## [Problem to solve]
Apart from the pictures, return every line of the listing exactly.

## [Data shown]

=== Section Start ===

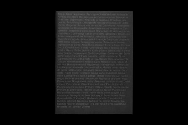 Just as we have been able to completely change our understanding of the sky, over the past few centuries, we must now reform the way we read, hear, see, and accept human identities, genders, and desires. They must no longer be bound, rejected, nor oppressed by any restrictive or binary views—the time has come to reshape the sky. By celebrating human diversity as well as by shedding light on its suffering and redefining its outlines, this series invites us all to gently recognize and to ultimately understand ourselves and each other.
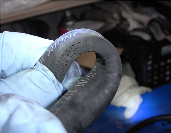 ヒビの入ったホース。冬季は寒さで硬くなり漏れが少ないようですが夏季は多く漏っていた可能性があります。
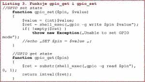 Zasada działania tych funkcji jest bardzo prosta i sprowadza się do wywołania programu gpio z odpowiednimi argumentami, za pomocą funkcji shell_exec(). Funkcja ta jako argument przyjmuje polecenie do wykonania przez powłokę, a jako wartość zwraca łańcuch tekstowy stanowiący wynik wykonania komendy. Wpisując zatem odpowiednie argumenty dla programu gpio, możemy kontrolować poszczególne linie wejścia-wyjścia komputera.

=== Section End ===

## [Task answer]
 Just as we have been able to completely change our understanding of the sky, over the past few centuries, we must now reform the way we read, hear, see, and accept human identities, genders, and desires. They must no longer be bound, rejected, nor oppressed by any restrictive or binary views—the time has come to reshape the sky. By celebrating human diversity as well as by shedding light on its suffering and redefining its outlines, this series invites us all to gently recognize and to ultimately understand ourselves and each other.
 ヒビの入ったホース。冬季は寒さで硬くなり漏れが少ないようですが夏季は多く漏っていた可能性があります。
 Zasada działania tych funkcji jest bardzo prosta i sprowadza się do wywołania programu gpio z odpowiednimi argumentami, za pomocą funkcji shell_exec(). Funkcja ta jako argument przyjmuje polecenie do wykonania przez powłokę, a jako wartość zwraca łańcuch tekstowy stanowiący wynik wykonania komendy. Wpisując zatem odpowiednie argumenty dla programu gpio, możemy kontrolować poszczególne linie wejścia-wyjścia komputera.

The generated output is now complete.